Но с болью (ломали пальцы), хочешь не хочешь, просыпается ярость сопротивления, я отбивался – брыкался, плевался, кричал им: суки, суки! (В конце концов старый агэшник за такую улыбочку имеет право ему вломить!) Они били, валили, выкручивали, но все как-то без толку, пока энергичный малый с милицейской дубинкой (членообразной), подскочив, не прошелся ею по моей спине, в глазах вспыхнуло и померкло. Но сознание я удержал. Они затолкали меня за перегородку в камеру (в полукамеру – стоять там в рост было нельзя) – низкая темная ниша, где пластом валялись три человека. Я их счел, как только глаза присмотрелись. Пьянь. Или сильно избитые.

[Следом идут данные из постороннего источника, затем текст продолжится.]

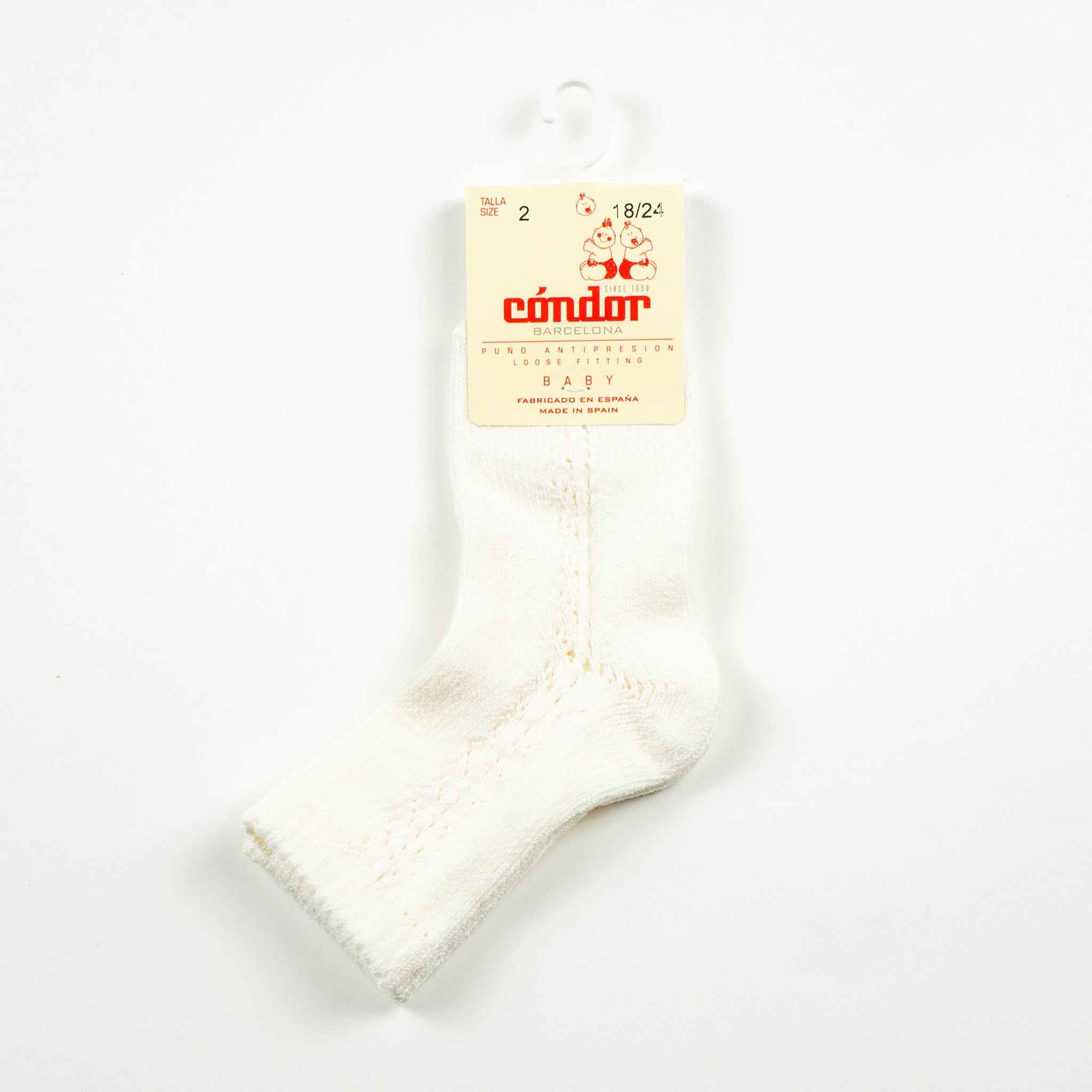 Kvalitatīvas kokvilnas bērnu zeķes bēšā krāsā ar rakstu sānā.

Я сидел там на полу (слепой в темноте) и бил в пол кулаком, весь еще в ярости. «С-суки!..» – выкрикивал я. Они переругивались. Конечно, хотелось меня как следует проучить. Но старшой, хоть и получил удар в челюсть, собой владел:
– Спокыйно. Спокыйно, – говорил им он (с прикушенным языком). – Да гывырю же вам: спокыйно. Оставьте его пока.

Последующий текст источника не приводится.